105. An extension of the grant is preferable to the alternative now of seeking competitive interest in setting up a new means of providing financial inclusion and access. This is firstly due to the considerable success and achievements of the programme. This justifies a continued relationship. Secondly, the project was carefully set up as a newly formed, independent local organisation, with its own managerial and operational setup and its own ‘Nigerian’ identify. This has worked well, in particular in influencing

Nigerian institutions like the CBN or Nigerian banks.

106. Thirdly, an extension of the grant is judged to be significantly preferable to seeking competitive interest now in managing EFInA. A change of management arrangements would inevitably incur considerable cost and delay through a fresh start. Moreover, the reality is that unless it were common knowledge within the relevant market that

EFinA’s performance was below par, few if any other potential service providers would judge the cost of bidding to be worth it, recognising that DFID is unlikely to make a change at this juncture in the life of the project.

107. The funding mechanism used to date for providing technical support to regulators is a

Trust Fund with the International Monetary Fund, which identifies, places and manages long term advisers to work in the CBN and other regulators. The IMF is well placed to identify and manage such highly specialist expertise and this approach allows for complementarity with other IMF activities and programmes. In the future we may supplement this form of support with other directly procured support such as short term consultancies as needs arise.

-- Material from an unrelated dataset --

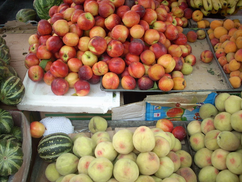 还有毛桃和油桃,它们一般大小。只不过毛桃的表皮上有小小的毛,而油桃的表皮是光滑的。至于哪个好吃我也不好说,因为人各有所好。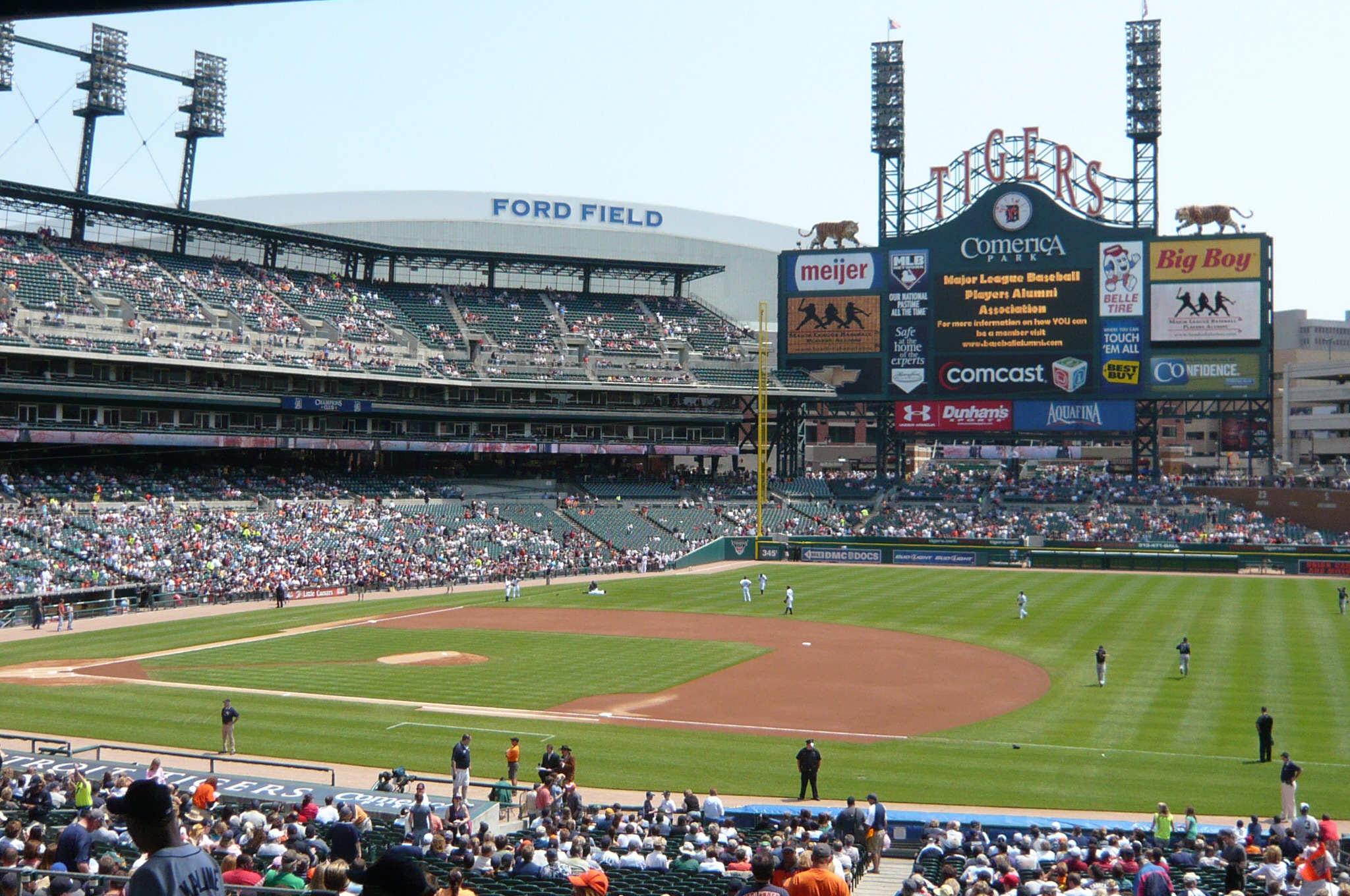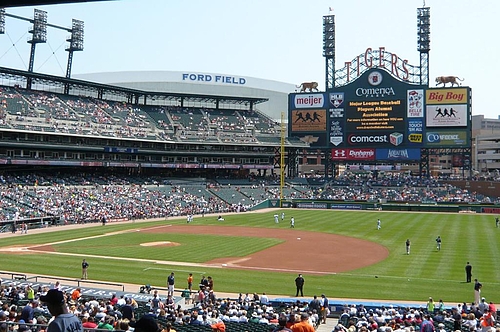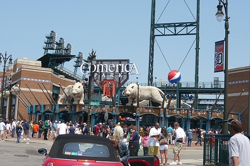 Salaの住む街から1時間位の場所に、地元デトロイトタイガースのホームスタジアム:コメリカパークがあります。ダウンタウンにあるので、試合のある日は周辺道路も人や車で大混雑!球場はイメージキャラクターの”虎”が沢山いるよ^^

B. Value for money through procurement

108. The case rests partly on the three factors outlined above. In addition, the project has achieved excellent value for money, through its programme management arrangements and the efficiencies it has achieved, which were particularly commended in the annual review and are discussed above.

109. Although EFInA is a grant awarded without competition, EFInA uses open international competition to award research contracts, and innovation fund grant applications are carefully scrutinised by a panel, including DFID and Bill and Melinda

Gates Foundation representatives, to ensure that they represent best potential value.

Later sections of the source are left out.